Partijen zullen hierna Unidek en Hannover genoemd worden.

De procedure

Het verloop van de procedure blijkt uit:

- de dagvaarding van 26 oktober 2010, met producties;

- het herstelexploot van 11 november 2010;

- de conclusie van antwoord, met een productie;

- de conclusie van repliek tevens houdende wijziging van eis, met producties;

- de conclusie van dupliek.

Ten slotte is vonnis bepaald.

De feiten

Unidek is producent van onder meer platdakelementen (hierna: PD-elementen) welke worden toegepast in daksystemen.

Ter zake van die daksystemen heeft Unidek door tussenkomst van [verzekeraar] [X] (hierna: [X]) een zogeheten garantieverzekering gesloten. Hannover was vanaf 1 januari 1996 de op de polis betrokken verzekeraar.

Tussen Unidek en Hannover is een dekkingsgeschil gerezen. In dat kader heeft Unidek HDI International Holding B.V. (hierna: HDI Holding) en [X] op 24 september 2003 gedagvaard voor deze rechtbank.

In voornoemde procedure heeft HDI Holding aangevoerd dat niet zij, maar Hannover de op de polis betrokken verzekeraar is. Unidek heeft bij conclusie van repliek van 28 juli 2004 onder 4 in het kader van een te bereiken praktische oplossing voor het probleem dat de verkeerde partij in rechte was betrokken voorgesteld dat Hannover door HDI Holding te kennen zou geven een in kracht van gewijsde gegane rechterlijke uitspraak in de zaak van Unidek tegen HDI te beschouwen als tegen haar gewezen, zulks ter voorkoming van nodeloze kosten. In reactie daarop heeft Hannover in de in die procedure op 17 november 2004 door HDI Holding genomen conclusie van dupliek onder 2.2 medegedeeld, althans doen mededelen, dat Hannover als verzekeringsmaatschappij haar verplichtingen zal nakomen, voor zover in welke gerechtelijke procedure dan ook zal worden vastgesteld dat Hannover verplichtingen heeft zoals in de dagvaarding en in de repliek van Unidek gesteld. Voorts heeft HDI Holding aangevoerd er belang bij te hebben niet veroordeeld te worden tot hetgeen Unidek had gevorderd.
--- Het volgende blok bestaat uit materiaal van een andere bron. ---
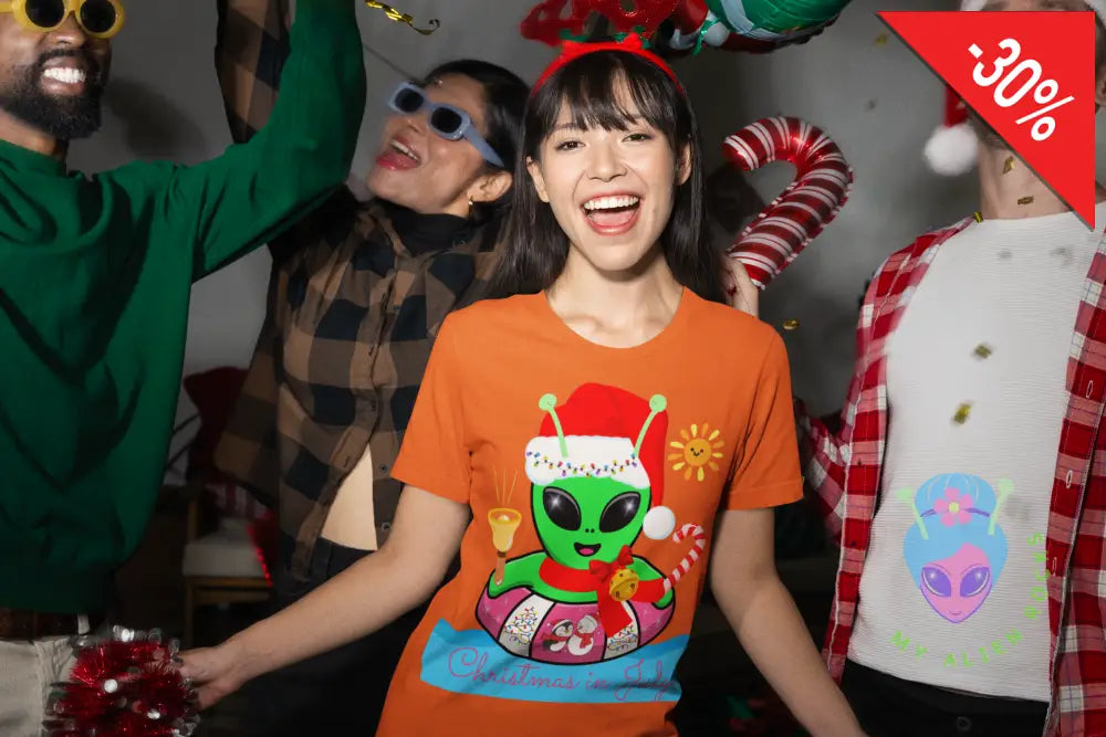 Extraordinary Earthlings — this one's for you! Now, it's not galactic news that t-shirts have saved the human race on multiple occasions...but it is galactic news that this particular super soft unisex(y) heavy cotton tee comes in multiple color options and features a rendering of our out-of-season-seasons-greetings alien, Tinsel! (Meet Tinsel — and the rest of our rockin' family — on social media @myalienrocks)!

Zij wees er daarbij op dat het hier niet ging om een eenmalig en concreet bedrag waarover zij wellicht op eenvoudige wijze afspraken zou kunnen maken met de eigenlijke verzekeraar Hannover, maar over een qua tijdstip van opkomen/manifestatie en qua omvang onvoorspelbare verplichting om uit te keren onder een garantieverzekering, waaronder vele objecten verzekerd zijn en waaronder mogelijk ook nog derden in de toekomst aanspraken zouden willen instellen. HDI Holding gaf aan niet bereid te zijn die verplichting, die er in haar visie bovendien alleen een kan zijn van een vergunninghoudende verzekeringsmaatschappij, zonder meer te accepteren. De enige oplossing voor het processuele probleem was in de visie van HDI Holding een inhoudelijke behandeling van het geschil, zonder echter HDI Holding te kunnen veroordelen, indien de rechtbank met die inhoudelijke behandeling tot de conclusie zou komen dat Unidek Hannover kon aanspreken onder de polis.
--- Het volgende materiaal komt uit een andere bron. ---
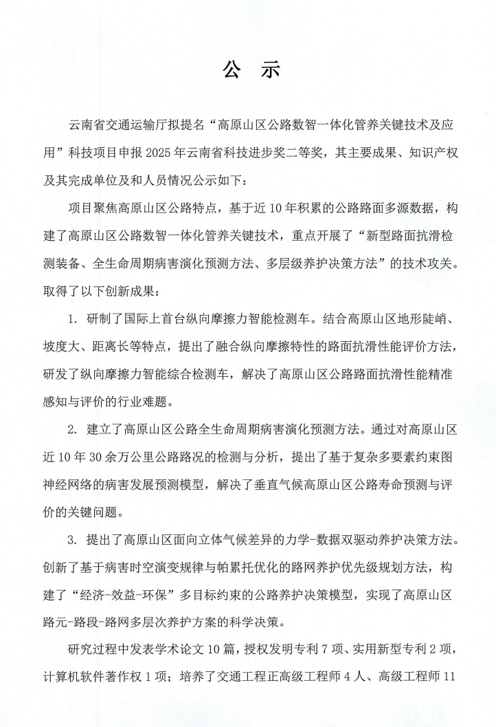 “高原山區(qū)公路數(shù)智一體化管養(yǎng)關(guān)鍵技術(shù)及應(yīng)用”科技項目公示

Gelet op de door Hannover gedane toezegging heeft de rechtbank in een tussen partijen gewezen vonnis van 16 maart 2005 de vordering jegens HDI Holding inhoudelijk beoordeeld. De rechtbank heeft op inhoudelijke gronden beslist dat de tegen HDI Holding (Hannover) gerichte vorderingen niet toewijsbaar waren. Bij vonnis van 22 maart 2006 heeft de rechtbank de vorderingen afgewezen en Unidek veroordeeld in de proceskosten aan de zijde van HDI Holding.

Unidek heeft bij het gerechtshof te 's-Gravenhage hoger beroep ingesteld tegen de vonnissen van 16 maart 2005 en 22 maart 2006 van deze rechtbank. Op 26 mei 2009 heeft Unidek bij memorie van grieven haar grieven uiteengezet. Bij memorie van antwoord van 23 februari 2010 heeft HDI Holding aangevoerd dat al op 30 september 2003 het besluit tot haar ontbinding was genomen en dat, na afwikkeling, de ontbinding op 12 augustus 2004 was geregistreerd in het handelsregister. HDI Holding heeft aangevoerd dat Unidek niet-ontvankelijk diende te worden verklaard. Voorts voerde zij inhoudelijk verweer.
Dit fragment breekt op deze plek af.